I bypass the voicemails, wanting to get straight to the root of the phone calls and dial Mike’s number. I do want to talk to my mom, but I want to have some kind of handle on things when I do; some semblance of control.
“Luna,” My name is a sigh on the other end when Mike picks up, already signaling that this is bad.
“Mike, what is it?” I ask eagerly, wasting no time.
There’s a pause, followed by more air being blown out before he answers, “Sixteen months’ probation and a thousand dollar fine.”
I go dizzy for half a second before swallowing hard. “That’s it?” I ask incredulously. “Mike, I did everything. I recounted my story dozens of times, I testified in that hearing in the same room as that fucking monster. His lawyer is sleezy and clever but you’re a fucking shark, how did this happen?” I rattle every confusing, heated sentiment in quick succession while simultaneously tamping down the sobs trying to inch their way up my throat.
“It was the plea deal, Luna,” he says regretfully. “Confessing to half the crime is what saved his ass from going to prison.”
“This is bullshit,” I protest in a venomous whisper as I scrub a hand across my forehead.
“I know, Luna. I’m so sorry,” he consoles before his tone goes up, trying to instill some shred of hope. “We can try again. We could start a whole new case if you still have that forged letter and –”
He doesn’t get to finish as I disconnect the call, not wanting to hear anymore. Another action that’s not like me. I guess pre-deployment Luna is going to be harder to get back to than I thought.
“Lu?” I jump at Kaleb’s voice accompanied by a tap at the door.
“Yeah?” I call back, rising and striding across the room, smoothing my hair and schooling my features on the way. I whip open the door to find Kaleb in his joggers and his bomber jacket. In the last few weeks he’s let his hair grow back long in the front, and despite my inner turmoil, my insides warm a little bit when he tosses it out of his eyes. “Time for PT,” he says softly.
“Okay,” I nod and quickly turn to throw a cloth over my art piece and follow him down the hallway.

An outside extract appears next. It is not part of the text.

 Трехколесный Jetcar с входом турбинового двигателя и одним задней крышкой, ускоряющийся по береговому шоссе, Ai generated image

Once in the car and headed to the VA in West Bridge, as always, I try to act cheerful and make small talk. Today is extra challenging however, what with the lame-ass sentence Carter got for beating the shit out of me.

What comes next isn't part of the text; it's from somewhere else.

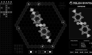MOLEK-SYNTEZ is set in December 2092 in Cluj-Napoca, Romania, where the cold seeps through the walls. Instead of venturing outside, you stay indoors, lighting another cigarette and continuing your work. In this game, you take on the role of a scientist using a molecular synthesizer to transform basic industrial chemicals like benzene, acetone, and hydrochloric acid into small molecules with various pharmacological effects. The challenge lies in programming the synthesizer to achieve these transformations efficiently.

“You’ve been working really hard… maybe today they’ll clear you to drive. You could drive us home?” I give a hopeful smile as I watch the road, but catch Kaleb’s nod in my peripheral. Since I told him to give our marriage a chance, he hasn’t been mean, but hasn’t been outwardly nice or affectionate either. “You know, after physical therapy, we could head upstairs to the counseling offices…”
“I’m not seeing a shrink, Luna,” he cuts me off, firmly.

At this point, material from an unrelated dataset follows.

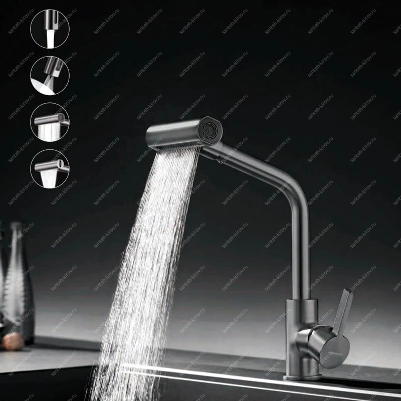 Смеситель для кухни монтируется на мойку. Этот сантехнический прибор служит для обеспечения нужной температуры воды и её напора. Внутри смеситель для кухни имеет кран-буксы или картридж, благодаря которым смешивается холодная и горячая вода.

“You need to talk to somebody,” I say softly, “even if it’s not me.”
“What the hell difference does it make?” he asks, incredulously. “It’s just talking.”
“Talking can help you work through it, believe it or not. It can help you expel some of that toxicity, and those people there can relate to you, what you’ve been through, far better than I could ever try to. Besides, you agreed to give this a try, and you haven’t done shit.” I raise my eyebrows facetiously, being mockingly perky as I turn into the center’s parking lot.